The public sector, through the Pharmaceuticals Fund and Supplies Agency (PFSA), procures almost 70% of all the medicines consumed in Ethiopia, but there is still significant out-of-pocket expenditure on health, estimated at 46% by the Ethiopian Food, Medicines, Healthcare Administration and Control Authority (FMHACA). PFSA procurement increased from US$ 27 million in 2007 to US$ 310 million in 2014.

Despite support from the Ethiopian Government, the Ethiopian pharmaceutical industry faces significant challenges, including human resource capacity constraints, limited access to foreign.  currency, and raw material procurement difficulties. 
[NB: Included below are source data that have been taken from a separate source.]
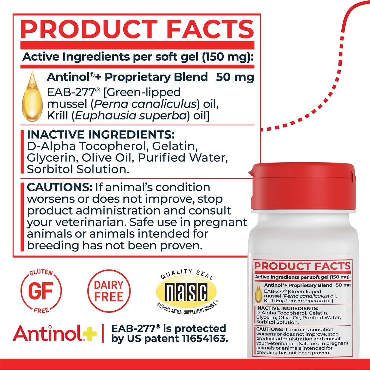 Plus, Mobility, Hip, and Joint Supplement for Dogs, Green-Lipped Mussels and Krill Oil - Dog Joint Supplement, Better and Faster Than Glucosamine and Chondroitin, 150 Soft Gels
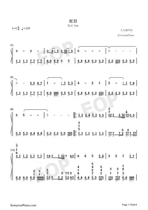 红日(中国经典)钢琴谱 钢琴简谱 双手简谱 下载
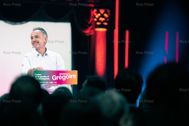 Légende : Meeting d'Emmanuel Gregoire, candidat socialiste à la tête de l'union de la gauche pour les municipales à Paris les 15 et 22 mars. Cirque d'Hiver Bouglione, Paris, 12 mars 2026. Teo Manisier / Riva Press /// Meeting of Emmanuel Gregoire, Socialist candidate leading the left-wing coalition for the Paris municipal elections on March 15 and 22. Cirque d'Hiver Bouglione, Paris, March 12, 2026. Teo Manisier / Riva Press
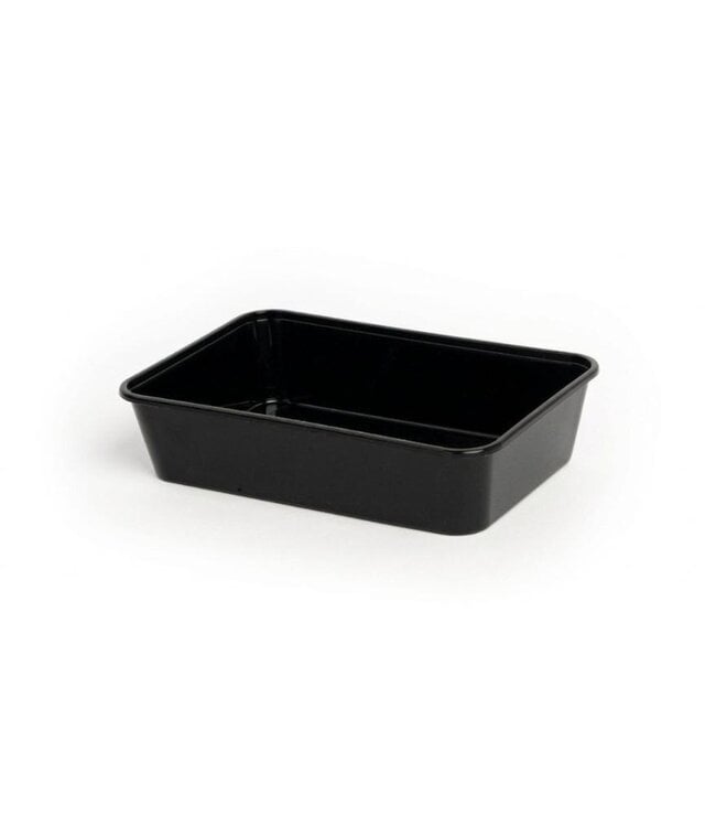 Geef uw gerechten op een professionele en moderne wijze mee met deze zwarte maaltijdbak in HQ-uitvoering. Dit bakje, met een inhoud van 500 ml, staat in de volksmond bekend als de "halve kilobak" en is de standaard voor het hygiënisch verpakken van kwaliteitsmaaltijden.
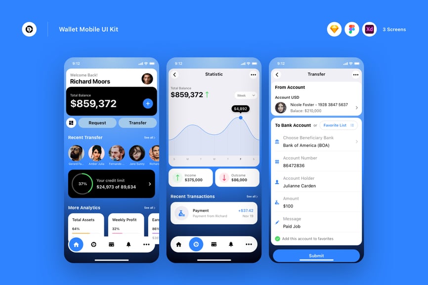 这款产品是一款完美的移动端 UI 套件,旨在加速您的应用设计流程。它包含所有 3 个屏幕,采用分层且结构清晰的元素。每个屏幕均可完全自定义,易于使用,并已在 Sketch、Figma 和 Adobe XD 中精心构建。此模板适用于 iOS 和 Android 系统。
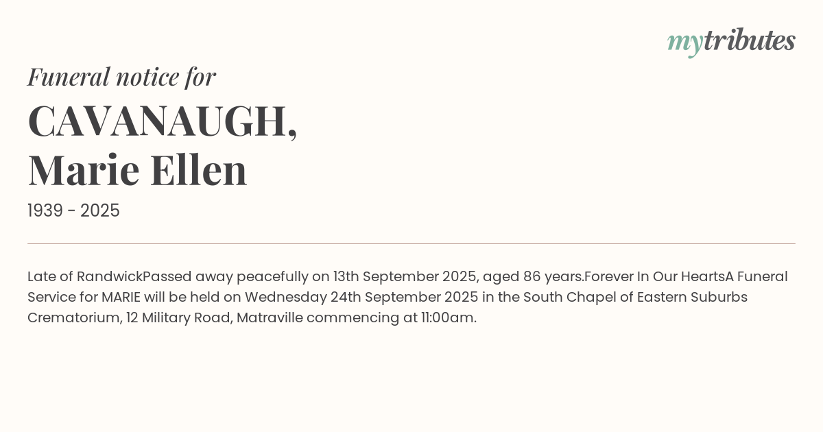 A Funeral Service for MARIE will be held on Wednesday 24th September 2025 in the South Chapel of Eastern Suburbs Crematorium, 12 Military Road, Matraville commencing at 11:00am.

Until now, there has been no coherent national vision, strategy, or plan to develop the pharmaceutical industry in the long term. According to the Office of the Federal Auditor General (OFAG) of Ethiopia 2020, an evolving pharmaceutical industry is up against numerous challenges, including supply chain disruptions, counterfeits and illegal trade in pharmaceuticals, a lack of foreign currency, a heavy reliance on imports for manufacturing inputs and insufficient regulatory capacity. 
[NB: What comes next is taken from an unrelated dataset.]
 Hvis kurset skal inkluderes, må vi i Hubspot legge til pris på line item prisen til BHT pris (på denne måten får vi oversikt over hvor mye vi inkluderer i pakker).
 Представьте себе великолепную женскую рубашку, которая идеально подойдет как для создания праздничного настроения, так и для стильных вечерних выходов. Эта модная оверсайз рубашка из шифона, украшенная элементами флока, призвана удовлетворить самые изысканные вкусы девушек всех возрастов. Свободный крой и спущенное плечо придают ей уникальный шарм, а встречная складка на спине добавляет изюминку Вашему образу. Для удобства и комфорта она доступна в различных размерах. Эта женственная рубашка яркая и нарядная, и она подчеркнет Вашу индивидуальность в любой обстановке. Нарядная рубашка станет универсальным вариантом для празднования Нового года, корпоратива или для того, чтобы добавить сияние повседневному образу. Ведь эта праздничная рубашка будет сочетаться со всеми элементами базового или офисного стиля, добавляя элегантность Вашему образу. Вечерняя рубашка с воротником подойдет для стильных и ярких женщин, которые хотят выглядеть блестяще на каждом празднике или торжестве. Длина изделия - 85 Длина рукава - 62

Currently, the Ethiopian population is also facing a significant unmet need for essential medicines. The national auditor highlighted: limited access to health care facilities, lack of adequate personnel, pharmaceutical management and expertise to address the medical needs, and poor infrastructure where most facilities do not have the proper facilities to handle the medical challenges.